Based on this categorization [9], a probabilistic approach is closest to the direction we are taking. However, unlike many early works, firstly, rather than requiring a dedicated model, our proposed method builds upon a well-adopted classifier. It can be used with an already-trained model without requirement for re-training. Secondly, most works including a notable work of OpenMax [1]—whose performance achieves F-measureFootnote 2 of 0.595—determine a degree of novelty by how unlikely the sample belongs to any seen class. Another word, most previous works have to examine every probability of sample \({\varvec{x}}\) being seen class i, \(Pr[class = i|{\varvec{x}}]\), for \(i = 1, \ldots , K\), when K is a number of all seen classes. Our work follows our interpretation of a softmax output, i.e., \(y_i \equiv Pr[class = i|s, {\varvec{x}}]\), where s represents a state of being a seen class (not novelty). How likely sample \({\varvec{x}}\) is novel then can be directly deduced.

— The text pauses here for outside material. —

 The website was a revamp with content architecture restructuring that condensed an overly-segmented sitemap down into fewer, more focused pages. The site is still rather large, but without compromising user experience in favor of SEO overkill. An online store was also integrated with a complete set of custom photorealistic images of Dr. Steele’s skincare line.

3 Prediction Confidence and Non-sign Identification

Confidence Score (cs). To quantify confidence in classification output, our study investigates various candidates (shown in Table 1) based on that \(y_k\) associates to a probability of being class k and \(y_k\) is generally obtained through a softmax mechanism (Eq. 1). Formulation \(cs_1\) is straightforward. Formulation \(cs_2\) associates to a logarithm of probability. Formulation \(cs_3\) is similar to confidence ratio [7] (CR), but with an attempt to link an empirical utility to a theoretical rationale. In addition, formulation \(cs_3\) is preferable in terms of computational cost and stability. Formulation \(cs_4\)—a logit function—has a more direct interpretation of the starting assumption that the confidence is high when probability of the predicted class is much higher than the rest.

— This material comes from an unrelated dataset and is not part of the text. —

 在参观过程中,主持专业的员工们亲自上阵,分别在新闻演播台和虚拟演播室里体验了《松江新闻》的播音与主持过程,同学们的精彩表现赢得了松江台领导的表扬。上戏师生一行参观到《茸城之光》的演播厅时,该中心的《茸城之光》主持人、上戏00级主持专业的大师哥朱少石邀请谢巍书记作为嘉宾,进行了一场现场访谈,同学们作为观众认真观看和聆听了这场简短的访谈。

Table 1. Formulations under investigation for confidence score (cs). Softmax value \(y_l = \frac{e^{a_l}}{\sum _{i=1}^K e^{a_i}}\), where K is a number of predefined classes; \(a_l\) is a penultimate value; k and j are indices of the largest and the second largest components, respectively
Table 2. Formulations under investigation for cognizance function (\(\tilde{g}\)). Term a represents a penultimate value

Latent Cognizance. Given the input image \({\varvec{x}}\), the predicted sign in softmax coding \({\varvec{y}} \in \mathbb {R}^K\), where K is a number of the pre-defined classes, is derived through a softmax activation: for \(k = 1, \ldots , K\),

$$\begin{aligned} y_k = \frac{e^{a_k}}{\sum _{i=1}^K e^{a_i}} , \end{aligned}$$
(1)

where \(a_k\) is the \(k^{th}\) component of penultimate output. Each \(y_k\) can be interpreted as a probability that the given image belongs to sign class k, or more precisely a probability that the given valid input belongs to class k. That is, \(y_k \equiv Pr[k|s, {\varvec{x}}]\) where k indicates one of the K valid classes, \({\varvec{x}}\) is the input under question, and s indicates that \({\varvec{x}}\) is representing one of the valid classes (being a sign). For conciseness, conditioning on \({\varvec{x}}\) may be omitted, e.g., \(y_k \equiv Pr[k|s, {\varvec{x}}]\) may be written as \(y_k = Pr[k|s]\). Noted that, this insight is distinct to a common interpretation [1] that a softmax coding bit \(y_k\) of a well-learned inference model estimates probability of being in class k, i.e., \(y_k = Pr[k|{\varvec{x}}]\). This common notion does not emphasize its conditioning on an inclusiveness of all pre-defined classes.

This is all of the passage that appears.